-- What is needed --
Make a verbatim transcription of the records, without the pictures.

==== Given data

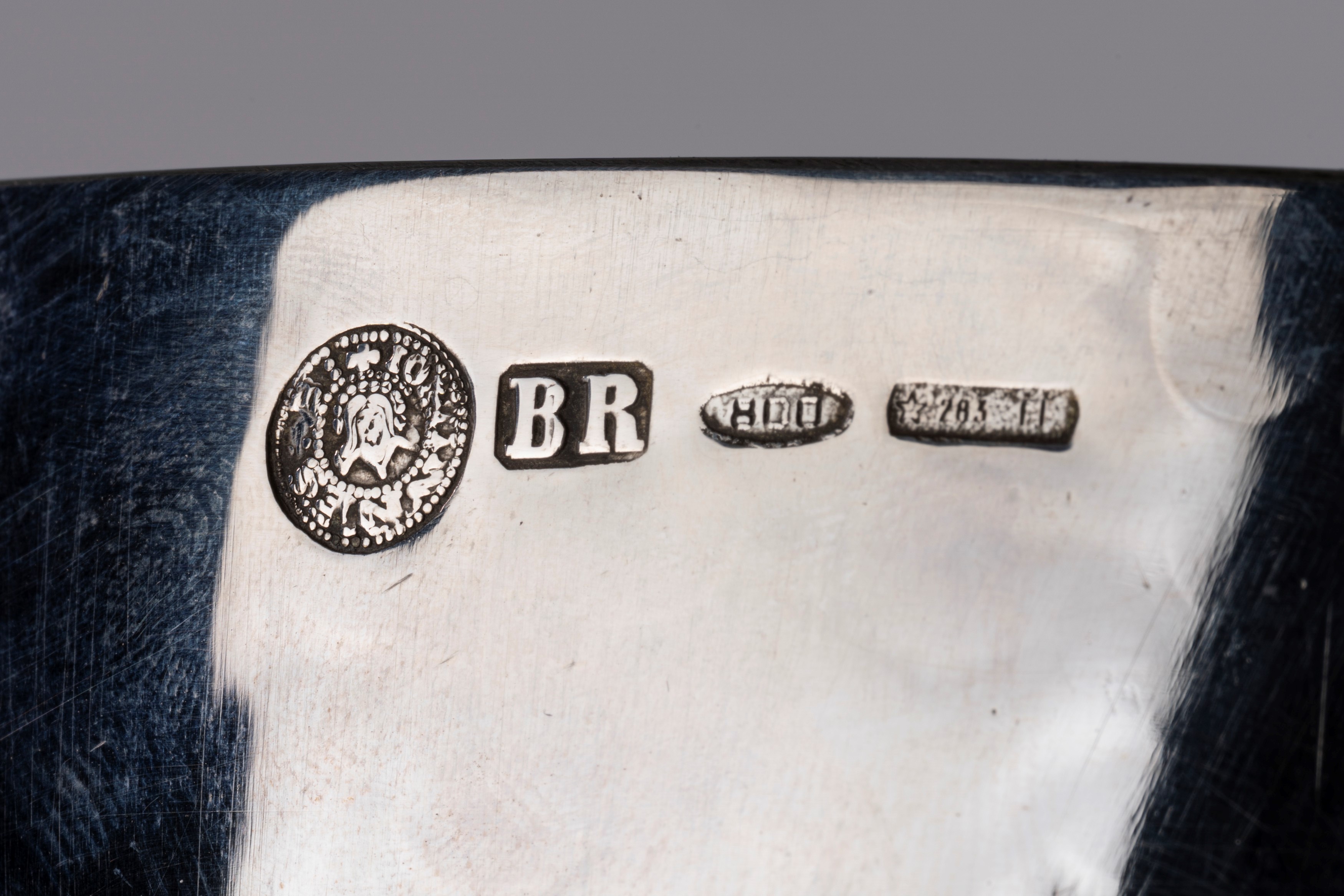 in argentocon corpo leggermente martellato, decorato con bugnature sbalzate.
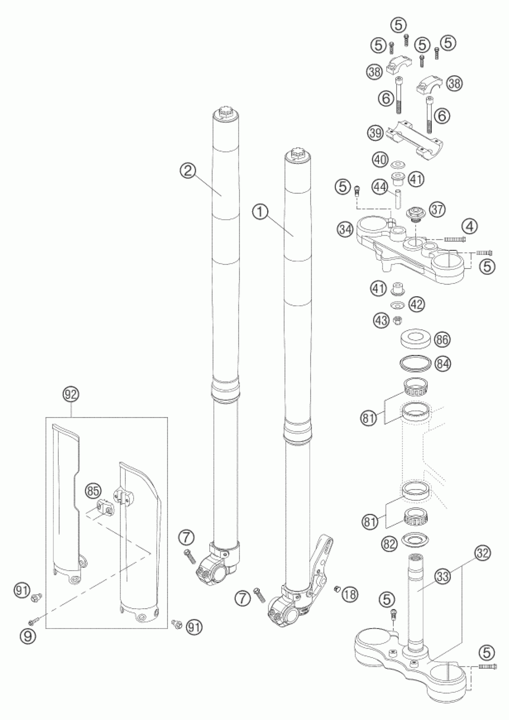 FRONT FORK, TRIPLE CLAMP
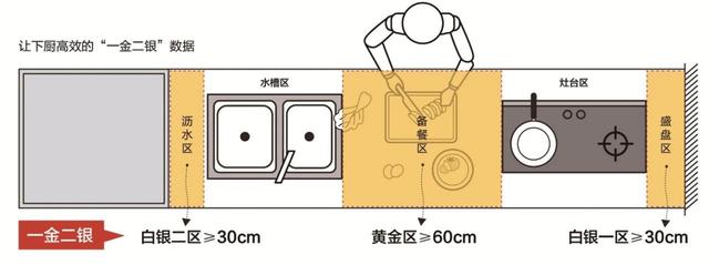 而在動線的基礎(chǔ)下,每個動線之間留出足夠的操作臺面也是非常重要,否則動線再好,洗好的菜跟出鍋的菜沒地兒放,還是要來回走動,下圖是各個操作區(qū)需要預(yù)留的尺寸參考。
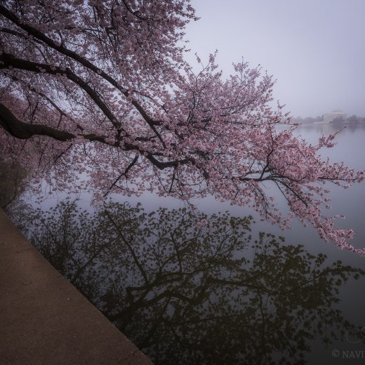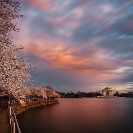 Last evening, storm clouds caught some nice color at sunset. A long exposure streaked the clouds and calmed the water over the Jefferson memorial and still peaking blossoms
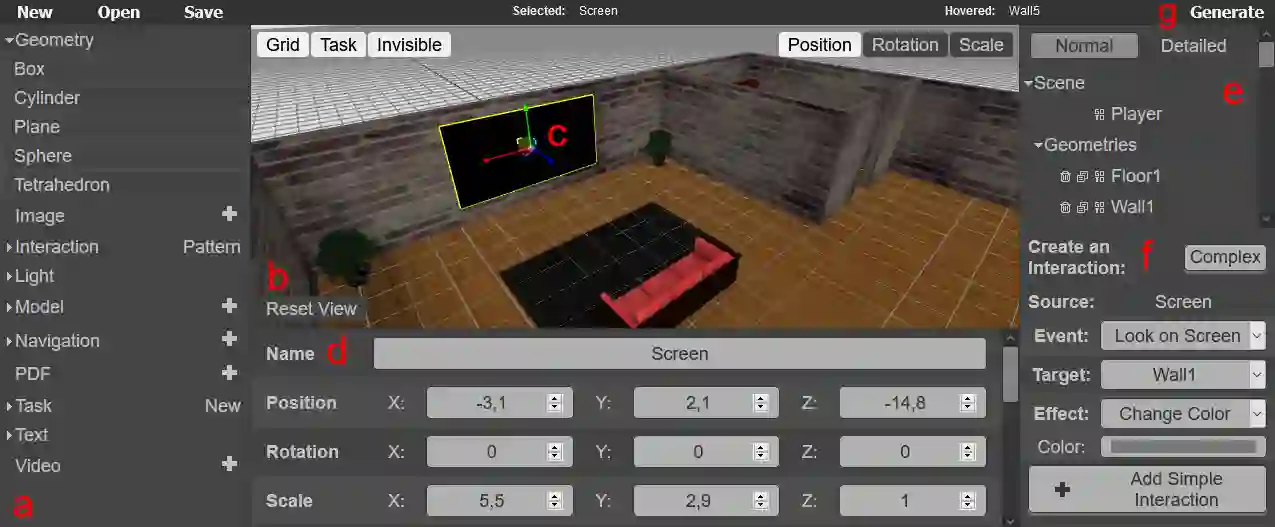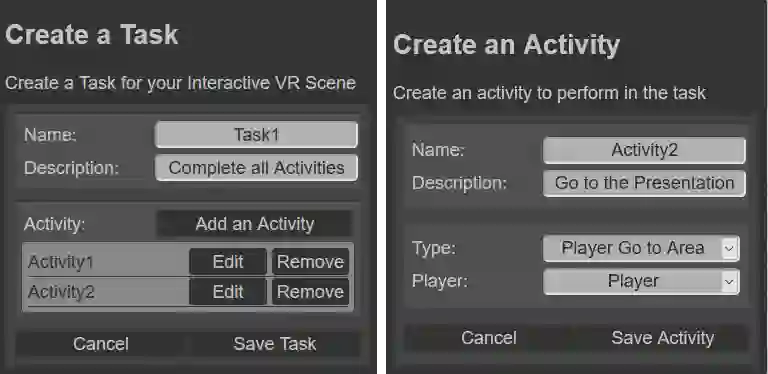 翻译:虚拟现实(VR)技术的最近进展以及VR设备设备的日益普及使大量面向消费者的应用得以实现。但是,对于新开发者来说,为VR应用程序创建互动场景是一项复杂和繁琐的任务,需要大量技术知识,往往缺少这种知识。这有碍于使新创建者能够创建、修改和执行自己的互动VR场景的潜力。虽然最近为互动VR场景开发工具的前景充满希望,但大多数都侧重于作为目标群体的专家专业人员,忽视了低编程知识的Novice。为了降低进入屏障,我们提供了一种基于开放源的网络终端用户开发(EUD)工具,称为VREUD,该工具支持快速构建和执行互动VR场景。关于构建,VREUD使VR场景的规格化,包括互动和任务。此外,VRUD支持在VR头挂图展上创建的互动式VR场景的执行和透视经验。基于用户研究,我们分析了VREUD的有效性、效率和用户满意度,显示在创建互动式VRUD图像方面有希望的结果。
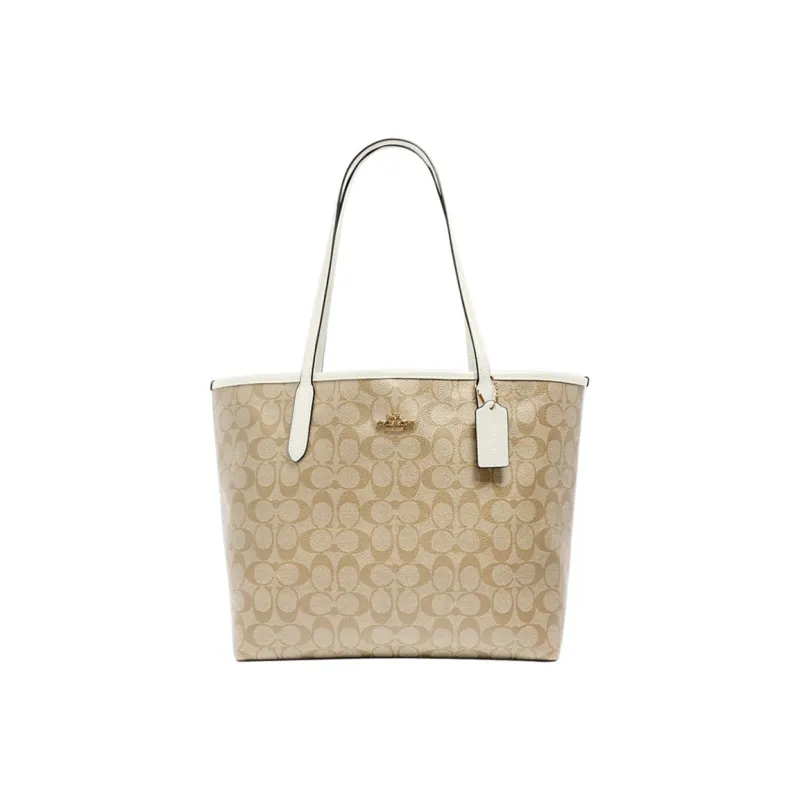 코치 시그니처 캔버스 시티 토트백 이미테이션 골드 라이트 카키 초크 - POIZON
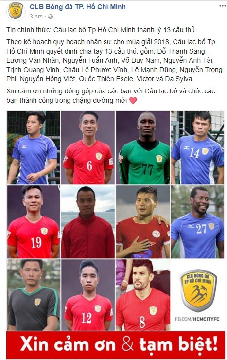 Như vậy, kể từ khi được bổ nhiệm nắm chức quyền Chủ tịch CLB TP.HCM, Công Vinh đã thanh lý tổng cộng 21 người, trong đó có cả HLV Alain Fiard. Đây có thể xem là cuộc thay máu chuẩn bị cho V.League 2018.
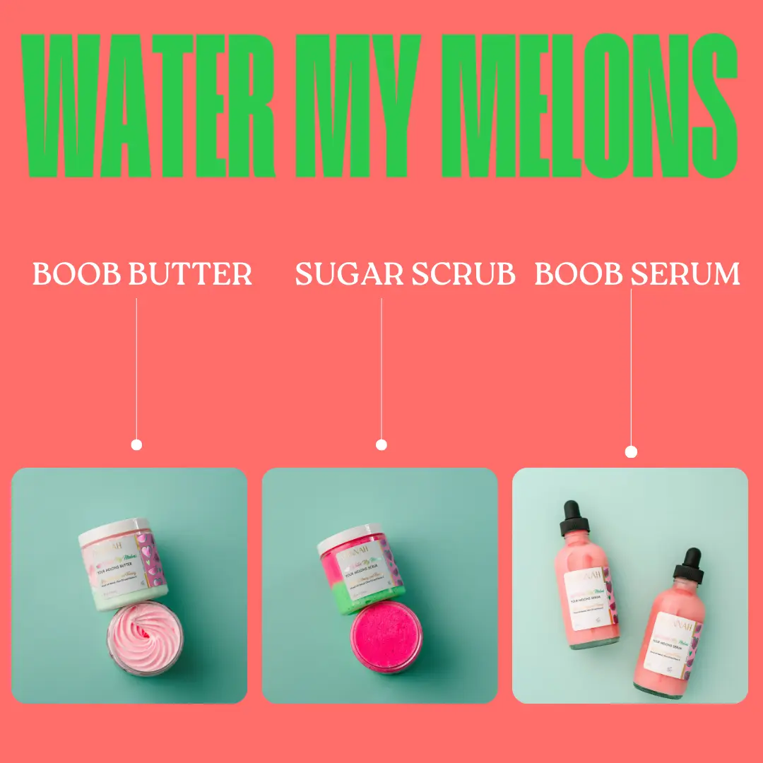 Includes: 8oz Boob Butter, 8oz Sugar Scrub, 4oz Boob Serum

========

-- Completed task --
 in argentocon corpo leggermente martellato, decorato con bugnature sbalzate.
 FRONT FORK, TRIPLE CLAMP
 而在動線的基礎(chǔ)下,每個動線之間留出足夠的操作臺面也是非常重要,否則動線再好,洗好的菜跟出鍋的菜沒地兒放,還是要來回走動,下圖是各個操作區(qū)需要預(yù)留的尺寸參考。
 Last evening, storm clouds caught some nice color at sunset. A long exposure streaked the clouds and calmed the water over the Jefferson memorial and still peaking blossoms
 翻译:虚拟现实(VR)技术的最近进展以及VR设备设备的日益普及使大量面向消费者的应用得以实现。但是,对于新开发者来说,为VR应用程序创建互动场景是一项复杂和繁琐的任务,需要大量技术知识,往往缺少这种知识。这有碍于使新创建者能够创建、修改和执行自己的互动VR场景的潜力。虽然最近为互动VR场景开发工具的前景充满希望,但大多数都侧重于作为目标群体的专家专业人员,忽视了低编程知识的Novice。为了降低进入屏障,我们提供了一种基于开放源的网络终端用户开发(EUD)工具,称为VREUD,该工具支持快速构建和执行互动VR场景。关于构建,VREUD使VR场景的规格化,包括互动和任务。此外,VRUD支持在VR头挂图展上创建的互动式VR场景的执行和透视经验。基于用户研究,我们分析了VREUD的有效性、效率和用户满意度,显示在创建互动式VRUD图像方面有希望的结果。
 코치 시그니처 캔버스 시티 토트백 이미테이션 골드 라이트 카키 초크 - POIZON
 Như vậy, kể từ khi được bổ nhiệm nắm chức quyền Chủ tịch CLB TP.HCM, Công Vinh đã thanh lý tổng cộng 21 người, trong đó có cả HLV Alain Fiard. Đây có thể xem là cuộc thay máu chuẩn bị cho V.League 2018.
 Includes: 8oz Boob Butter, 8oz Sugar Scrub, 4oz Boob Serum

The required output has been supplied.